Unfortunately, the Court can't act affirmatively on this: they can just toss out the existing interpretation, and leave it to Congress to fix. As if Congress has the appetite (or the aptitude) to takcle this subject right now.
I agree with you, Paul, that we will have to work through these issues.
The problem, as Rob points out, is if they take out these protections and do not thoughtfully protect the legitimate patents, what replaces the current system? Do we have the Wild West again?
I think it is an interesting dynamic. If we are thoughtful, we may begin to think of the patents more in terms of true intellectual property, with the knowledge to improve a process, more than relying on the result in the change to the computer or just the production of code.
perhaps we could say "but this relies on other technologies that may be old or need application in parallel with others - but then, I'm sure the pharohs building the pyramids could be accused of applying old and parallel technologies, or the Romans building the aqueduct.
i just think it might be time for a new present day, present minded agency to throw up some guardrails - right now, it seems like as good a time as any to do so, and maybe some sharper thinking will come through.
I won't say that I stay up at night worrying about whether I am infringing upon a software patent -- it's one of those areas where following a parallel "don't seek, don't tell" logic is all for the best.
But, after over 30 years in the software business, I have to say that software patents are truly a pain.

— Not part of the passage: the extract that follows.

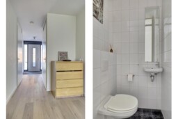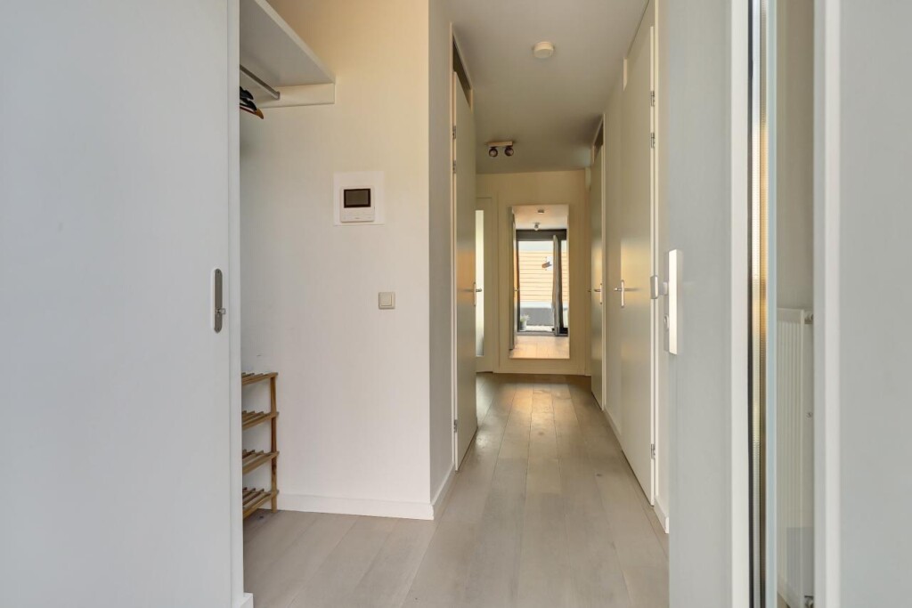 Zodra je de woning binnenkomt, valt de prettige lichtinval en de verzorgde afwerking direct op. De gehele woning is voorzien van een nette houten vloer, wat zorgt voor een warme, rustige basis die perfect past bij een eigentijdse woonstijl.
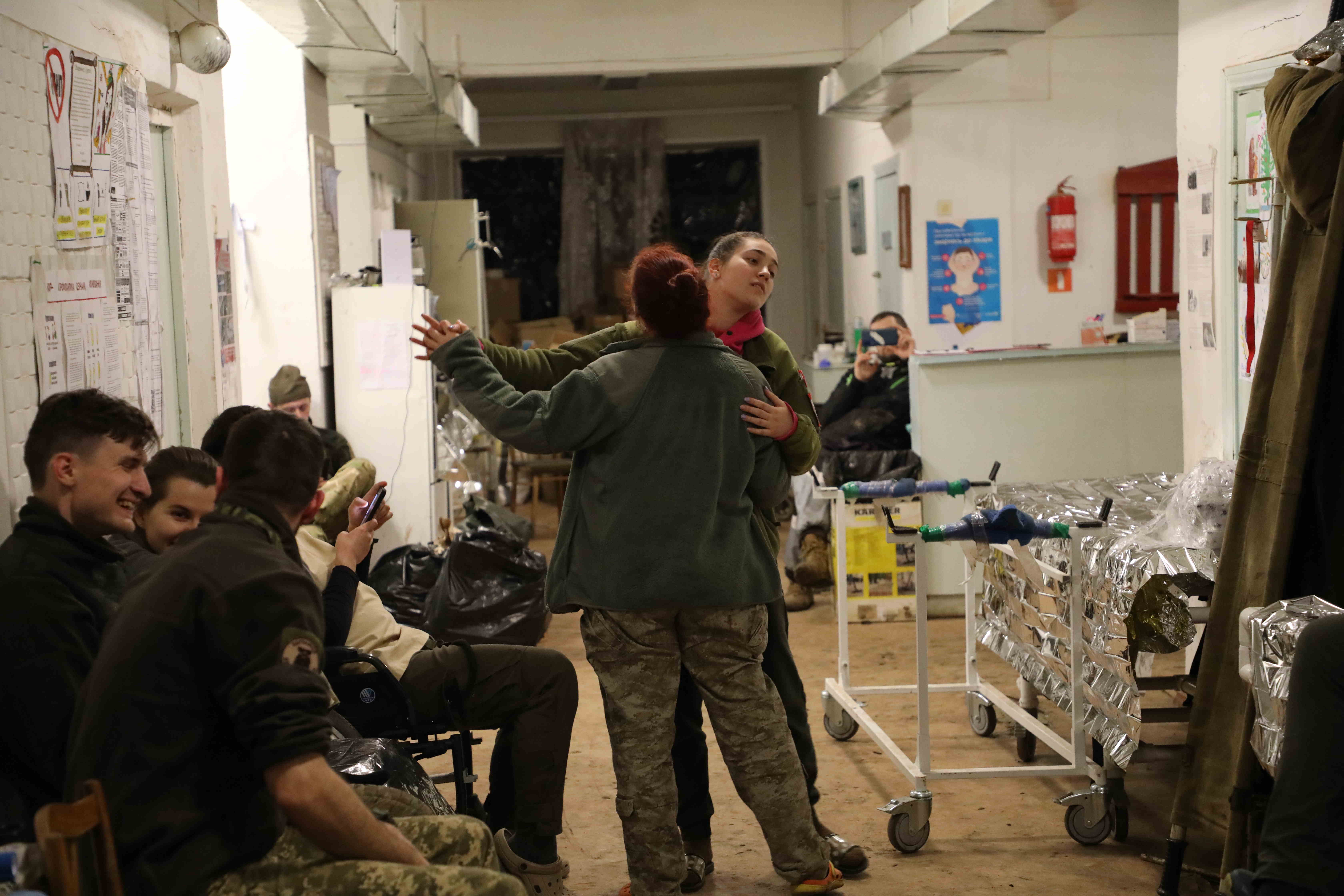 Коридор раптово оживає: його заповнює цілий натовп бійців. Одні з легкими пораненнями, інші – з контузіями. Лікарі розходяться між ними, з'ясовують, що і в кого болить. Комусь бинтують руку, комусь – ногу.

Maybe for 1 in 50 I will say -- "what a great idea, these folks deserve some profit for their ingenuity!"
But, for those other 49 out of 50, I just have to groan. It is either "I was doing something awfully similar to this 10 years ago" or "that's a nice way of doing it but it sure relies on all of these other ideas that have been in common use for a long time".
I don't specifically blame the patent office -- after all, they haven't been working in the field forever and have no idea what people actually do and know.
If the Supreme Courth overturned all of the software patents it would be unfair to a few -- but really help the industry and small businesses.